→ Work instructions
Below is a block of records: output all of them exactly and leave out the pictures.

→ Supplied data
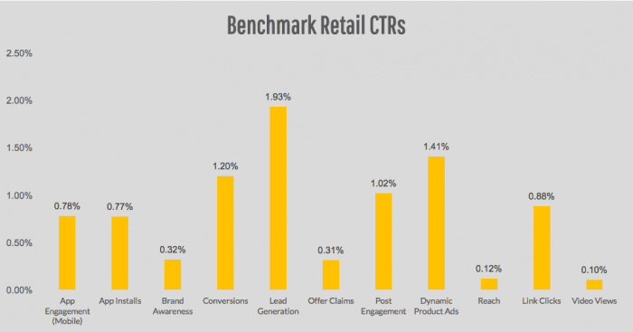 Facebook offers different forms of ad formats with different goals will naturally vary in response as these retail Facebook ads from. You can see that Facebook ad CTRs which may be more highly targeted that display ads have significantly higher CTRs, particularly for Lead generation (i.e. adding subscribers to a retailers email list) and Dynamic Product ads (retargeting visitors who have already visited a site with relevant offers).
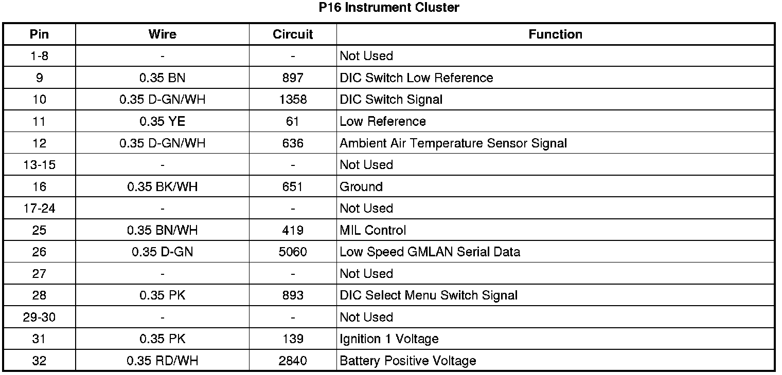 P16 Instrument Cluster
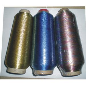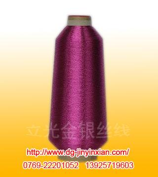 MS型 金银绣花线 颜色繁多, 色泽华丽. 一般金银线宽度为1/69 1/100, 是用金银线与其它纤维如 (与涤纶; 锦纶; 人造丝; 棉纱等纱线完全包缠而成) 600D, 150D 120D或75D等纤维合并而成.
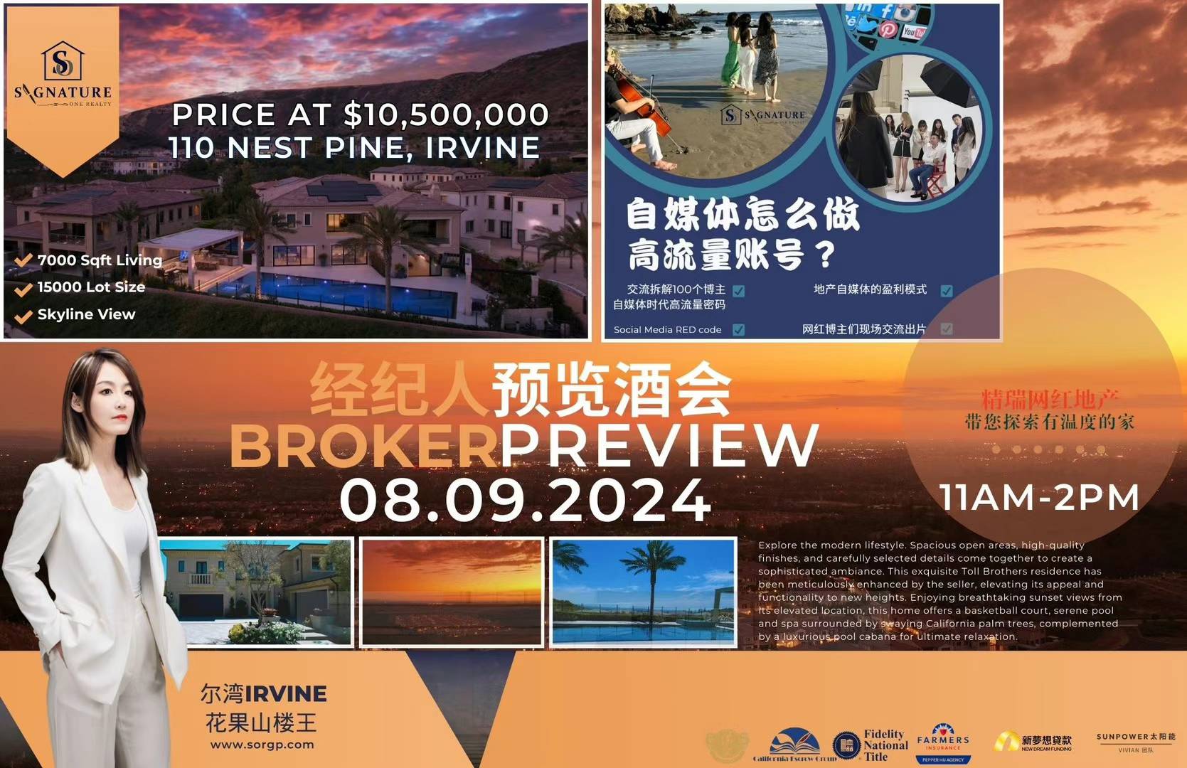 🎉08/09 本周五(11 am-2 pm)Broker Preview网红地产Mina诚挚邀请各公司Brokers、Agents,各位行业精英们莅临品鉴 尔湾花果山orchard hills楼王,及新媒体网红博主们分享自媒体流量码,美食佳肴酒水点心已备好,恭候大家大驾光临来访!
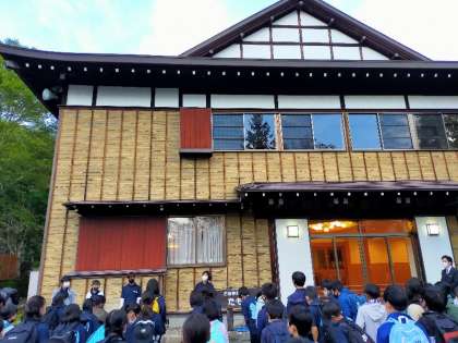 中禅寺湖、湯本温泉、金精峠と絶景続きのバス旅を終え、ついに宿舎の環湖荘に到着し、開校式を終えました。
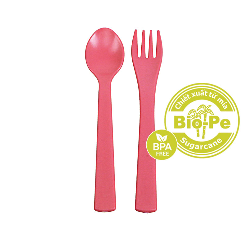 Set thìa và dĩa 2 món làm từ nhựa sinh học Mía – Hồng
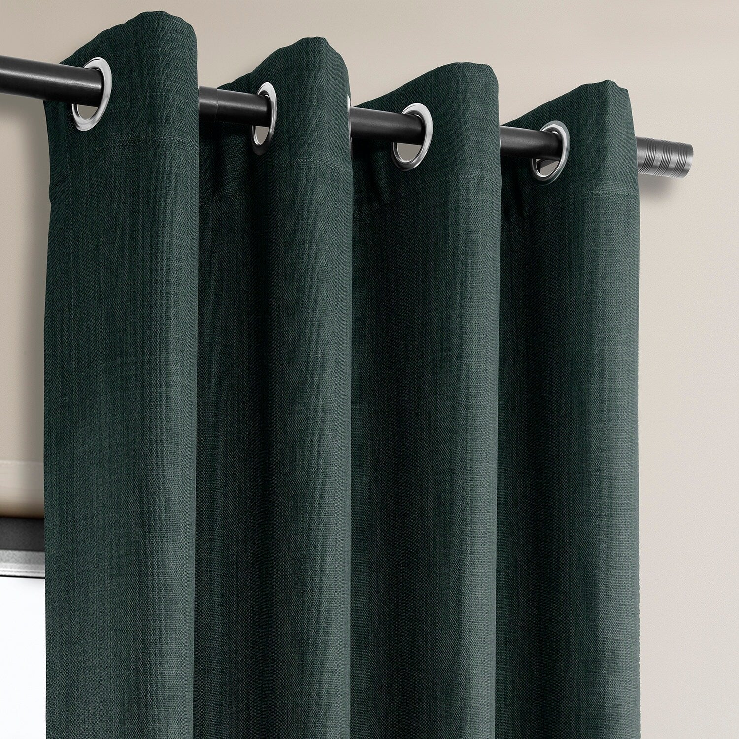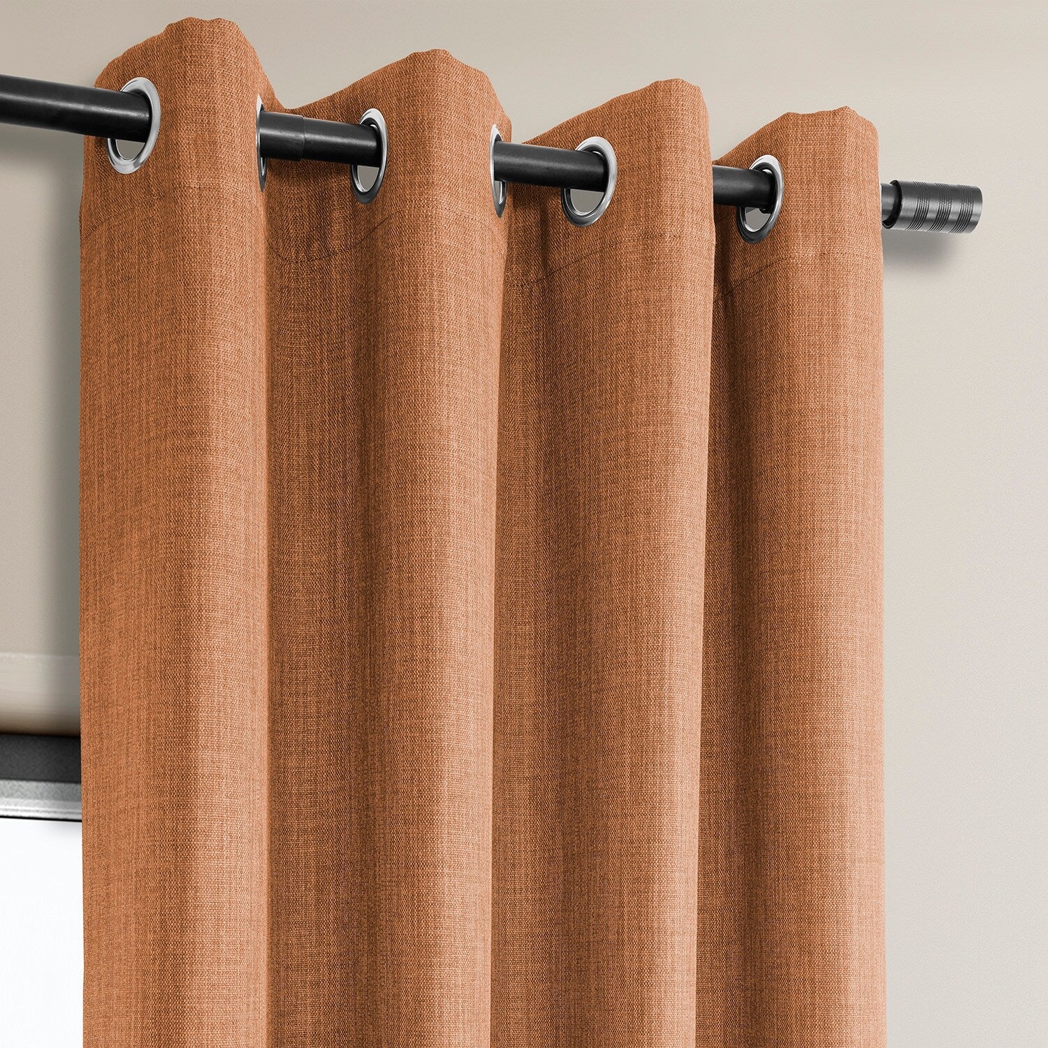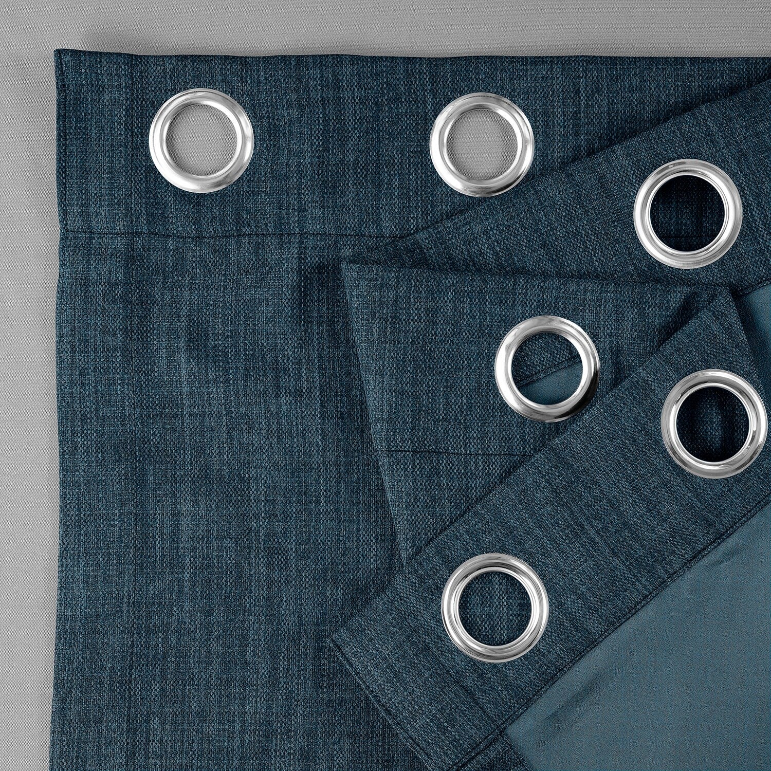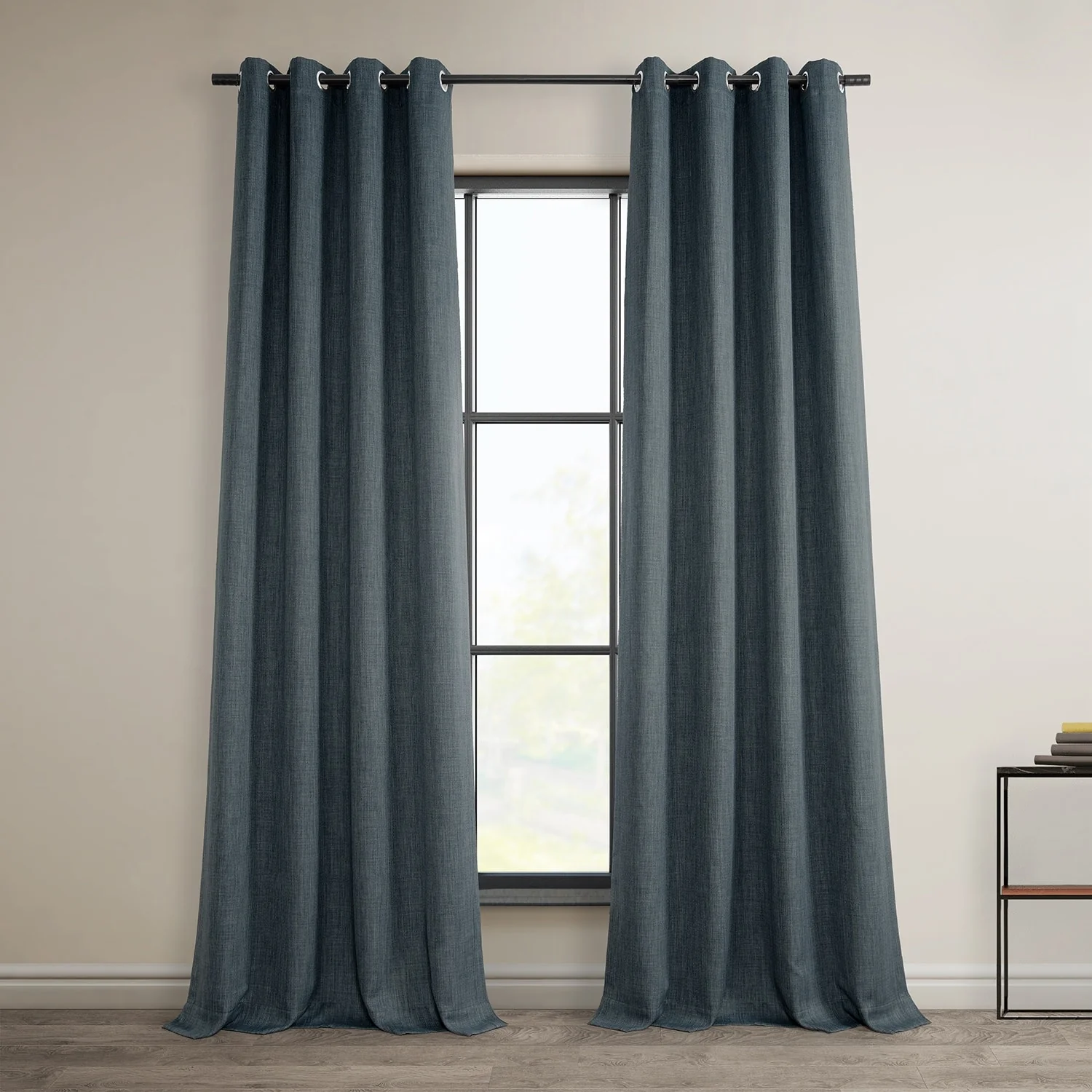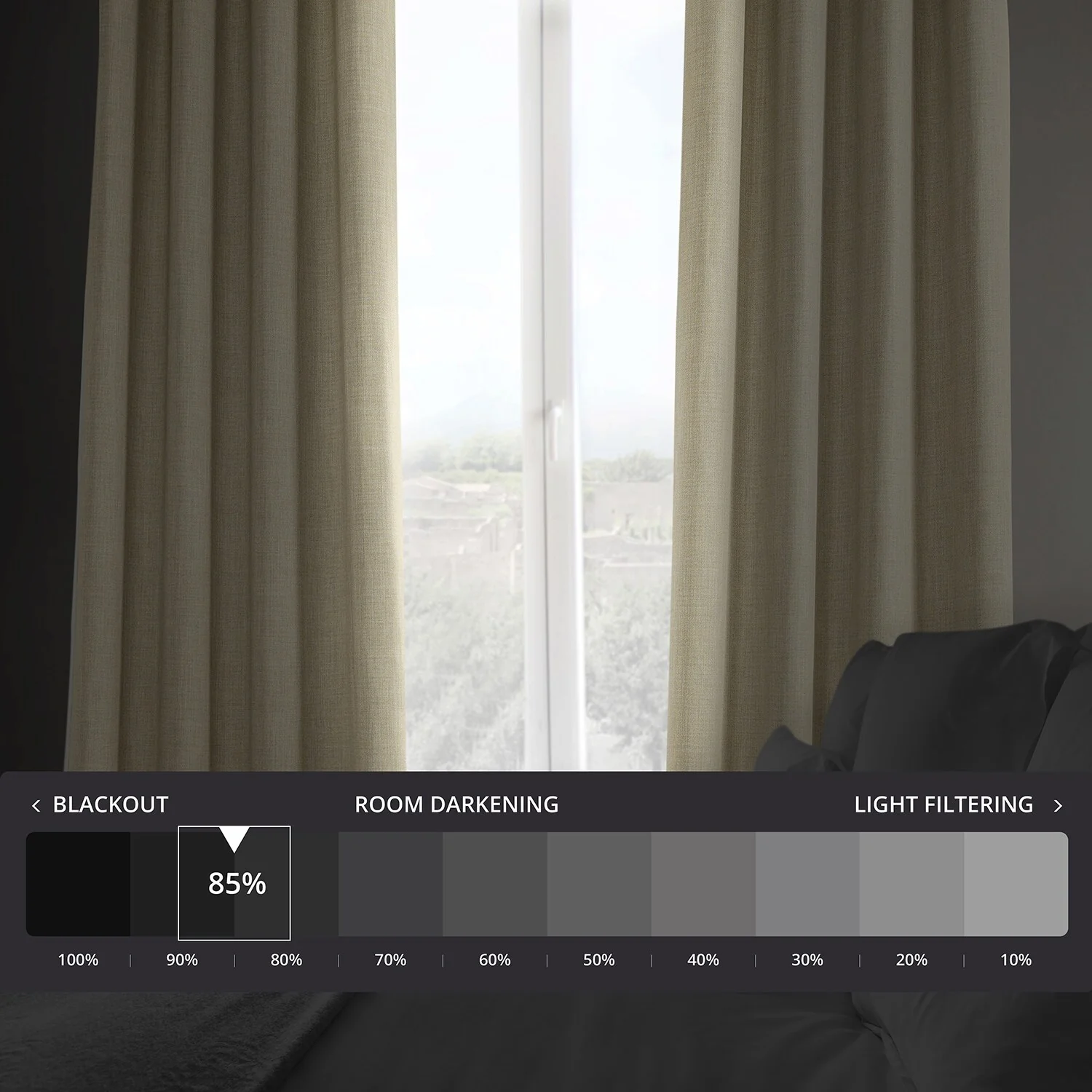 Our Faux Linen Grommet Room Darkening Curtain features rich woven textures in modern designer colors for every style. These heavy faux linen panels have significant room-darkening properties and a weighted hem to hang nicely and keep them in place. This style panel features large metal eyelets that slide onto a curtain rod. They are ideal if you want a clean modern look for a treatment you do not intend to pull back and forth every day. The inside diameter of the eyelets is 1 5/8'. We do not recommend that you use a rod with a diameter larger than 1 1/2' for ease of use. We try to provide the most accurate digital images possible. Color may appear slightly different from one screen to another based on differences in computer monitors, brightness, and other selected settings so there may be variations in color between the actual product and the way it appears online. This curtain offers Room Darkening capabilities with an impressive 85% opacity for Blackout effect.

→ Problem solution
 Facebook offers different forms of ad formats with different goals will naturally vary in response as these retail Facebook ads from. You can see that Facebook ad CTRs which may be more highly targeted that display ads have significantly higher CTRs, particularly for Lead generation (i.e. adding subscribers to a retailers email list) and Dynamic Product ads (retargeting visitors who have already visited a site with relevant offers).
 P16 Instrument Cluster
 MS型 金银绣花线 颜色繁多, 色泽华丽. 一般金银线宽度为1/69 1/100, 是用金银线与其它纤维如 (与涤纶; 锦纶; 人造丝; 棉纱等纱线完全包缠而成) 600D, 150D 120D或75D等纤维合并而成.
 🎉08/09 本周五(11 am-2 pm)Broker Preview网红地产Mina诚挚邀请各公司Brokers、Agents,各位行业精英们莅临品鉴 尔湾花果山orchard hills楼王,及新媒体网红博主们分享自媒体流量码,美食佳肴酒水点心已备好,恭候大家大驾光临来访!
 中禅寺湖、湯本温泉、金精峠と絶景続きのバス旅を終え、ついに宿舎の環湖荘に到着し、開校式を終えました。
 Set thìa và dĩa 2 món làm từ nhựa sinh học Mía – Hồng
 Our Faux Linen Grommet Room Darkening Curtain features rich woven textures in modern designer colors for every style. These heavy faux linen panels have significant room-darkening properties and a weighted hem to hang nicely and keep them in place. This style panel features large metal eyelets that slide onto a curtain rod. They are ideal if you want a clean modern look for a treatment you do not intend to pull back and forth every day. The inside diameter of the eyelets is 1 5/8'. We do not recommend that you use a rod with a diameter larger than 1 1/2' for ease of use. We try to provide the most accurate digital images possible. Color may appear slightly different from one screen to another based on differences in computer monitors, brightness, and other selected settings so there may be variations in color between the actual product and the way it appears online. This curtain offers Room Darkening capabilities with an impressive 85% opacity for Blackout effect.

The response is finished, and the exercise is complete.